◆ Work instruction
The range runs from the line containing "通过情绪+板块+趋势+题材四" to the last line of the entries. Restate those lines word for word, without the pictures.

══ Information given ══

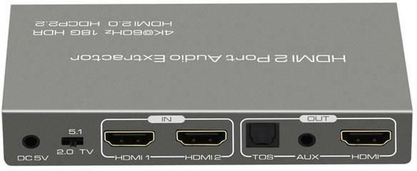 Extractor 2x HDMI-HDMI + Audio ARC 4K Spacetronik SPH-SAE06 Extractor 2x HDMI na HDMI + Audio (R/L+SPDIF) pozwala na podłączenie dwóch urządzeń wysyłających sygnał audio i video (tuner, konsola, dvd, blu-ray) do telewizora kablem HDMI. Dodatkowo można wyodrębnić sygnał audio z urządzenia i przesłać go do amplitunera kina domowego lub innego tego typu urządzenia. Dzięki takiemu rozwiązaniu dźwięk będzie słyszalny standardowo z głośników telewizora i dodatkowo z drugiego źródła po włączeniu amplitunera. Ciekawe rozwiązanie gdy chcemy panować i sami decydować kiedy dźwięk ma być słyszalny z danego urządzenia. Urządzenie posiada możliwość przełączania wejścia sygnału oraz wyjścia dźwieku 2.0; 5.1 lub TV - 2CH dla słuchawek L/R 3,5 mm lub wyjścia stereo SPDIF, - 5.1CH dla wyjścia SPDIF, - 7.1CH dla wyjścia HDMI Po wybraniu trybu kanału 5.1: - jeśli źródło wejściowe zawiera kanał 5.1 - interfejs wyjściowy SPDIF będzie przesyłał sygnał audio 5.1, podczas gdy interfejs STEREO OUT nic nie prześle. - Jeśli źródło wejściowe nie posiada interfejsu SPDIF OUT i AUDIO OUT to sygnał wyjściowy będzie 2-kanałowy - Nie można używać z innym konwerterem, takim jak np. konwerter HDMI na DVI - Zgodny z HDMI2.0, HDCP2.2 - Obsługa rozdzielczości Full HD 1080P, Full 3D, 4K * 2K przy 60 Hz, YUV 4: 4: 4 HDR - Obsługa funkcji ARC: wyjście dzwięku z kabla HDMi wejściowego i wyjściowego - Wzmacniacz AV przez HDMI Połączenie kablowe z HDTV, gdy telewizor HD odbiera dźwięk i treść wideo. - Obsługa Dolby Digital AC3, DTS, LPCM i innych cyfrowych formatów audio, obsługujących 5.1 - Prosta instalacja, Plug & Play Instrukcja bezpieczeństwa >>TUTAJ<<
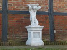 Maak een statement in je tuin met dit prachtige beeld van Sint-Hubertus, nu verheven op een bijpassende sokkel voor een totale hoogte van 205 cm.
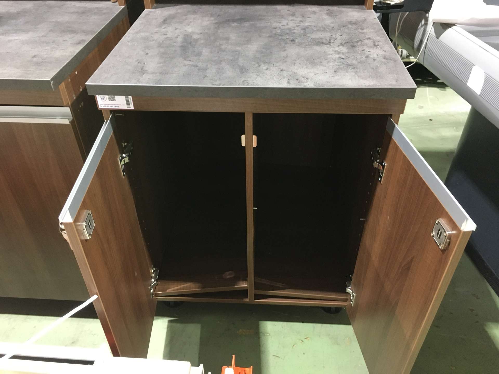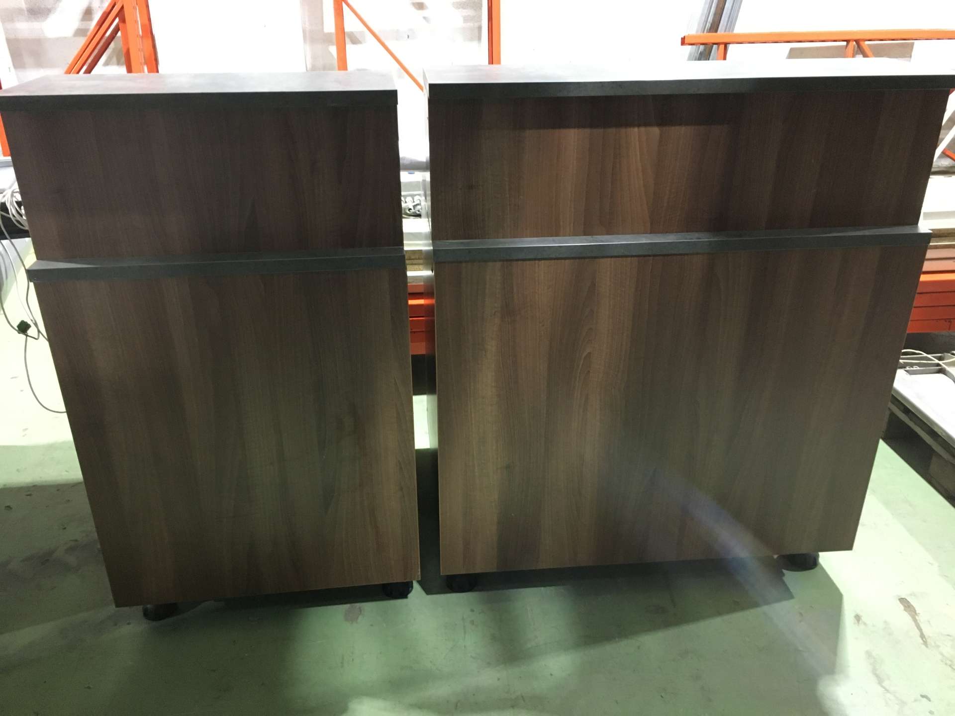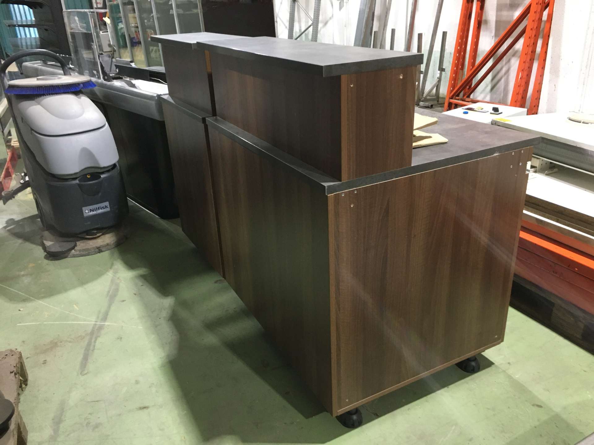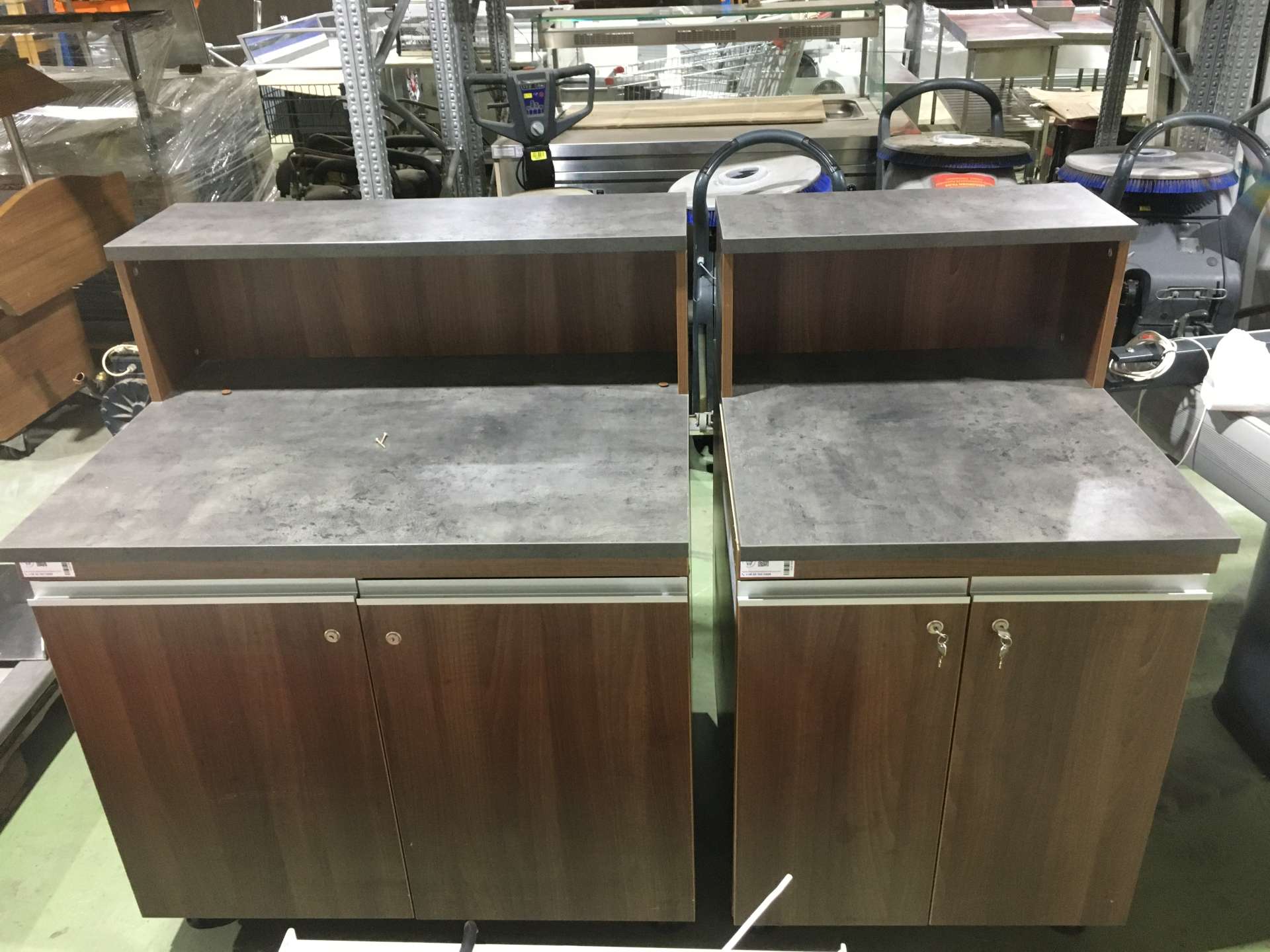 Újszerű bútorok, melyek pultként, vagy munkaasztalként használhatóak. Mindkettő munkalapra épített háromoldalról zárt felső tárolóval rendelkezik, melyek - pultok esetében - vevői könyöklőként is funkcionálhatnak Alsó zárhazó szekrények, köztes polcok. A szekrény kulcsai hiányoznak.
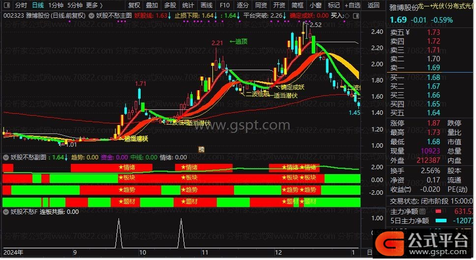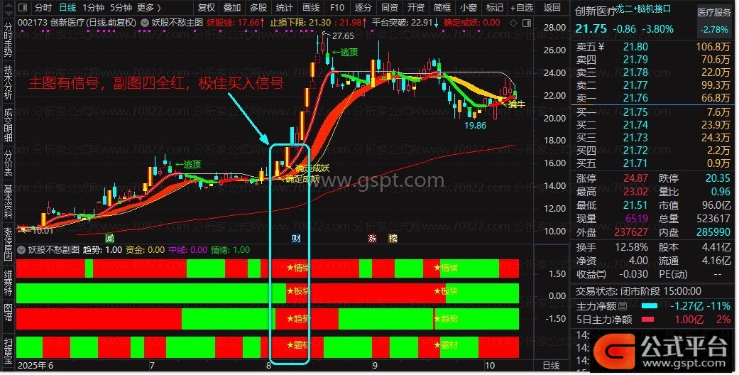 通过情绪+板块+趋势+题材四维共振,这类信号较多,配合主图信号,出票信号适中几乎每个行情都能捕捉到大妖股。
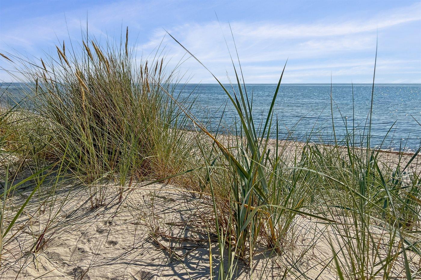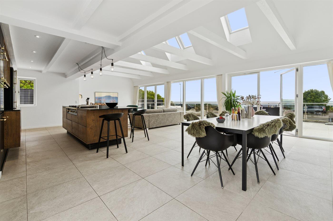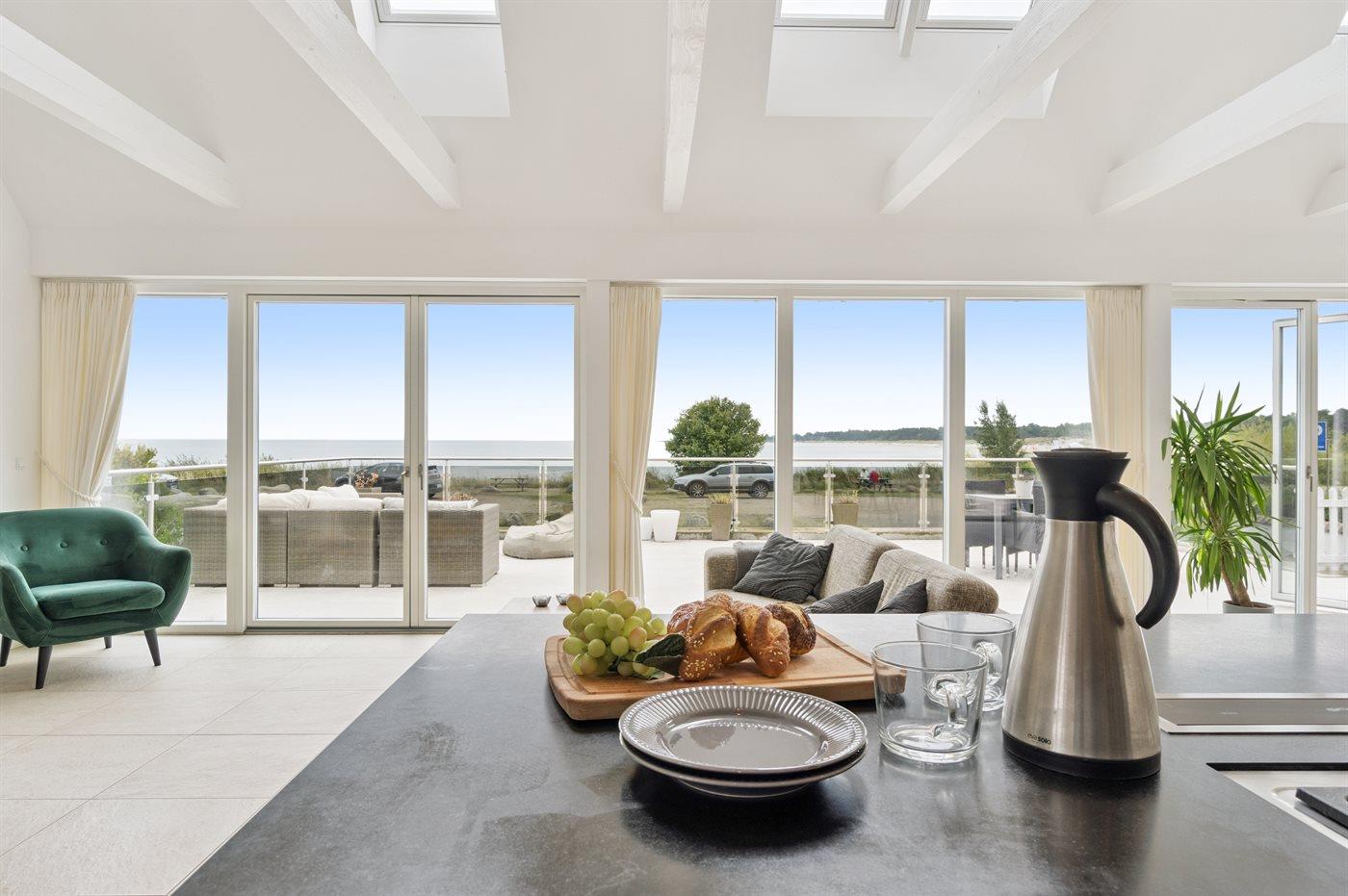Mit herrlichem Ausblick über den Strand von Balka auf der einen Seite und den kleinen idyllischen Yachthafen auf der anderen Seite liegt dieses feine Ferienhaus wirklich einzigartig – mit einer großen offenen, erhöhten Terrasse und beeindruckenden Fensterpartien zum Meer hin.
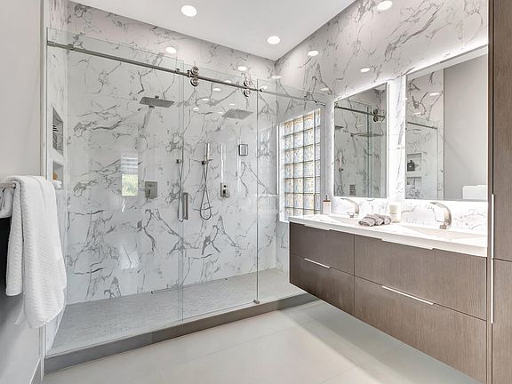 The flexible layout includes a first-floor bedroom with double doors and slider access to the patio, making it ideal for an in-law suite or home office. The guest bath is a showstopper, showcasing custom floating cabinetry, high-end porcelain wall surrounds, a large rain shower, and a seamless glass enclosure.

═══

◆ Exercise result
 通过情绪+板块+趋势+题材四维共振,这类信号较多,配合主图信号,出票信号适中几乎每个行情都能捕捉到大妖股。
Mit herrlichem Ausblick über den Strand von Balka auf der einen Seite und den kleinen idyllischen Yachthafen auf der anderen Seite liegt dieses feine Ferienhaus wirklich einzigartig – mit einer großen offenen, erhöhten Terrasse und beeindruckenden Fensterpartien zum Meer hin.
 The flexible layout includes a first-floor bedroom with double doors and slider access to the patio, making it ideal for an in-law suite or home office. The guest bath is a showstopper, showcasing custom floating cabinetry, high-end porcelain wall surrounds, a large rain shower, and a seamless glass enclosure.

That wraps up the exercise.